Due to the overload of today’s networks, it is more and more important for the internet service providers to analyse the quality parameters of user experience. Since the measurement of subjective user experience is too time-consuming, they rely on quantitative data estimation based on traffic patterns.
This method can be used easily because of the operation of the HTTP protocol, where each object is downloaded in a separate flow without using encryption. Due to the latest trends in browsers new protocols like SPDY and QUIC appeared. The common feature of these protocols is that the web objects are downloaded in single multiplexed flow over an encrypted channel, making it difficult to estimate the page load time based on traffic patterns.

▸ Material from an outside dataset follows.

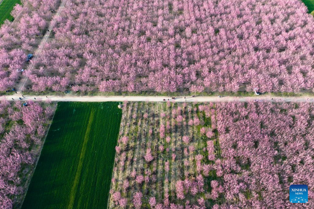 An aerial drone photo taken on March 18, 2025 shows blooming plum flowers at a plantation in Huyi District of Xi'an, northwest China's Shaanxi Province. (Xinhua/Shao Rui)

Moreover, conventional analysis methods cannot keep up with the ever-changing web traffic thus researchers turned to Machine Learning (ML) methods which was proven to work successfully in many areas. The advantage of ML methods is by using them we have the possibility to process big data which would be almost impossible using traditional methods. Recent literature showed that ML algorithms are suitable for measuring Quality of Experience (QoE) of online video watching and also for network traffic identification. On the basis of these researches, I believe that ML algorithms can be used successfully for predicting the page load times as well.
I developed a framework in which websites download parameters can be measured by automatically browsing with Google Chrome while the network traffic is captured. I created my own database using the website download parameters and the associated traffic patterns and then I analysed them with ML algorithms. The trained algorithm is suitable to estimate whether the user is satisfied with the loading speed of the website based on the first few packets in the traffic stream. The other important advantage of the created framework is that we can obtain the necessary estimation earlier than the loading of website is completed. We can achieve this because we don’t need to analyse all the packet of a certain web flow.
Using the created framework, service providers can obtain information about network parameters without user interaction, thus they can get information earlier about the potential problems and they can use this information to optimize their network.